WORKING DATA: Begin

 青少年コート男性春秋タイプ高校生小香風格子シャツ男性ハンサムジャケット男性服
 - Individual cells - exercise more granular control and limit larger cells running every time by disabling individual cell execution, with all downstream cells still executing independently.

WORKING DATA: End
WORKING DATA: Begin

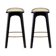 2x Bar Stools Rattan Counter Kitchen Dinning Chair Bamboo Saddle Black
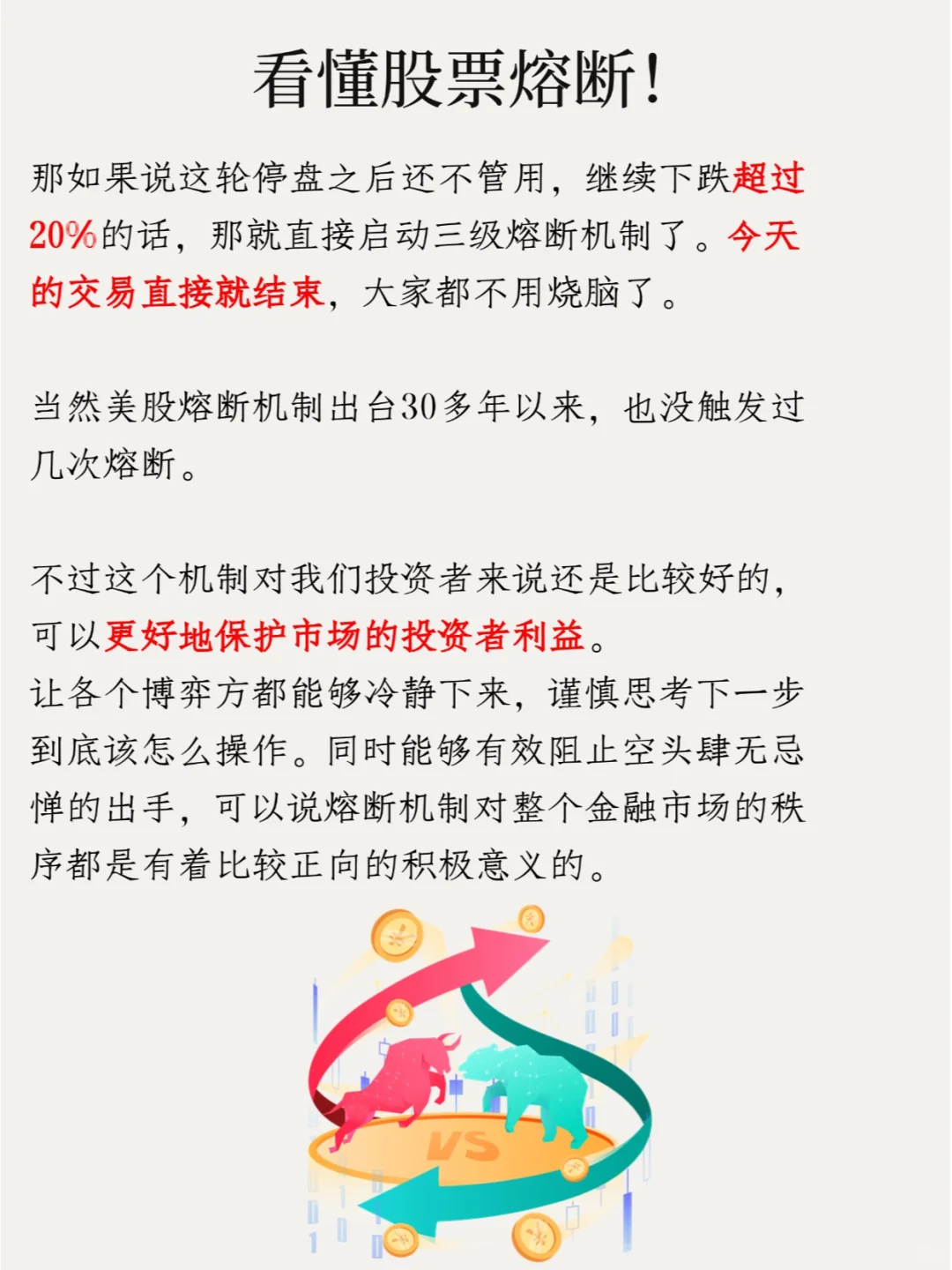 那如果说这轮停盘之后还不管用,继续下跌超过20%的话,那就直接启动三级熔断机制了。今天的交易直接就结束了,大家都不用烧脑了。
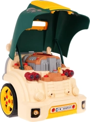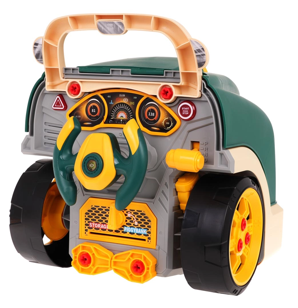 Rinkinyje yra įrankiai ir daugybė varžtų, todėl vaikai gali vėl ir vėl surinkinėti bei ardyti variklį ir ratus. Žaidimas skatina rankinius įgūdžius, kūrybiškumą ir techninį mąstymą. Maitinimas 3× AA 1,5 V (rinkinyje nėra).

WORKING DATA: End
WORKING DATA: Begin

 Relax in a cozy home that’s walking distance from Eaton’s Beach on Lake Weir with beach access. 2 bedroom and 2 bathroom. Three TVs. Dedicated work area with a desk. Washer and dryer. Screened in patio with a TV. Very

WORKING DATA: End

PROMPT → Show every line of the material that includes the string "with".

EXPECTED ANSWER →
 - Individual cells - exercise more granular control and limit larger cells running every time by disabling individual cell execution, with all downstream cells still executing independently.
 Relax in a cozy home that’s walking distance from Eaton’s Beach on Lake Weir with beach access. 2 bedroom and 2 bathroom. Three TVs. Dedicated work area with a desk. Washer and dryer. Screened in patio with a TV. Very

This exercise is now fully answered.